Ma l’imperatore non era l’unico a sfoggiare i suoi simboli: anche i suoi nemici, i comuni lombardi riuniti nella Lega, avevano il loro, già sperimentato anni addietro nella battaglia contro il nonno di Federico II, Federico I detto il Barbarossa.

Grandissima deve essere stata la soddisfazione di Federico II quando nella battaglia di Cortenuova, nel 1237, le sue truppe si impossessarono del carroccio di Milano. Dopo averlo fatto sfilare con l’albero piegato fino a terra trainato da un elefante a Cremona, lo inviò a Roma, dove venne conservato sul Campidoglio, trainato da muli, a scorno del Papa, alleato dei comuni.

Simile sorte toccò al carroccio dei Cremonesi, trascinato fino a Parma dagli asini (ELZE 1986, p. 208).

Ma c’è un altro aspetto, finora poco indagato, della politica della “propaganda” imperiale: le sfilate ed i cortei.

Quando l’imperatore appariva nei cortei solenni era accompagnato da elefanti, dromedari, cammelli, pantere, leoni, linci, orsi bianchi, leopardi, girifalchi, falchi bianchi ed altri animali esotici che destavano l’ammirazione degli spettatori.

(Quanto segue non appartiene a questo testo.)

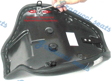 SEAT ASSEMBLY INSTRUCTIONS for HD SOFTAIL Id-No. 909 (1340cc) - Id-No 910 (1450cc) ![]() DRIVER SEAT After removing the original seat put on the new one, making sure that the bracket placed under the seat goes under the tank. Now, fit the new saddle and fix it on the two sides with original bolts. You can adjust the position (photo). If you see it is necessary, fix the driver's seat on the rear. If on the rear mudguard there is a central hole to fix the seat on the rear you have to screw the bolt the bracket. If on the rear mudguard there is not a hole, you can remove the bracket or drill a hole in the mudguard. PASSENGER SEAT 1. If on the rear mudguard there is a hole to fix the passenger seat on the front, you have to fix the bracket over the bracket of the driver seat. Now fix it on the rear passing through the bracket. 2. If on the rear mudguard there is not a hole, for fixing the passenger seat you have to fix it on the rear through the bracket and then drill a hole in the mudguard to fix the bracket. LONG SEAT After removing the original seat put on the new one, making sure that the bracket placed under the seat goes under the tank. Now, fit the new saddle and fix it on the two sides with original bolts. You can adjust the position (photo). If you see it is necessary, fix the driver's seat on the rear. If on the rear mudguard there is a central hole to fix the seat on the rear you have to screw the bolt the bracket. If on the rear mudguard there is not a hole, you can remove the bracket or drill a hole in the mudguard. N.B. Always remember to put the saddle on with care and attention, to avoid impacts or frictions onto the tank and the motor-bike frame. Remember to periodically check the bolts and nuts as well as every saddle tightening part, which could loosen from vibrations ! www.granucciseats.com - e-mail: info@granucciseats.com

Da questo breve elenco di animali che nell’Italia meridionale del 1200 erano considerate vere e proprie meraviglie viventi, si comprende l’efficacia politica che un tale movimento di persone ed animali comportava in ogni paese toccato dalla presenza dell’imperatore.

«I leopardi e i falchi servivano per la caccia, come anche i cani dei quali vengono nominati espressamente alcuni molto grandi e feroci come anche quelli da salotto estremamente piccoli» (ELZE 1986, p. 206). Guardiani e custodi di tutti gli animali esotici erano i saraceni di Lucera, che in Alta Italia come in Germania «venivano spesso osservati con stupore non inferiore a quello che si aveva per gli animali esotici» (ELZE 1986, p. 207).

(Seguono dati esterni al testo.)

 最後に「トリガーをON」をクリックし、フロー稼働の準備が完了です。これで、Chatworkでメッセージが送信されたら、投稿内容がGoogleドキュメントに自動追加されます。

Federico II era insomma un ottimo propagandatore di se stesso, e riusciva ad usare i pochi mezzi di comunicazione “di massa” del tempo nel modo migliore.

Ma come far “pesare” la presenza dell’imperatore anche nei punti più reconditi del regno, e soprattutto, come rendere permanente questa presenza?

Una risposta può forse venire analizzando tutti i significati di quel sistema castellare che Federico II ha realizzato in tutto il regno, ma soprattutto in Puglia.

Dal 1220 in poi, attraverso successive legislazioni, l’imperatore fa in modo di essere l’unico a poter edificare torri, castelli e palazzi, facendo anzi demolire le fortificazioni dei feudatari che non hanno fatto in tempo ad inginocchiarsi ai suoi piedi giurandogli fedeltà.

Un elenco delle fortificazioni del regno ci è pervenuto grazie ad un documento del 1241-1246, conosciuto col nome di Statutum de reparatione castrorum, titolo errato per un documento che presenta i risultati di una inchiesta ordinata da Federico II basata su modelli normanni.

Sono circa 250 le strutture castellari censite (ma solo in parte ne sono interessate la Calabria e la Sicilia), e di queste 42 riguardano le circoscrizioni di Terra di Lavoro e del Molise, 43 il Principato e la Terra Beneventana, 31 riguardano l’Abruzzo, 11 la Calabria, 6 la Sicilia e complessivamente 111 la Puglia e la Basilicata, «in pratica poco meno della metà delle strutture del regno» (LICINIO 1994, p. 127).

Diverse sono, in ogni caso, le esigenze che hanno portato alla edificazione di queste opere fortificate: oltre che alla difesa, alcune erano dedicate esclusivamente alla residenza (Foggia), altre a fortini di caccia (Castel del Monte).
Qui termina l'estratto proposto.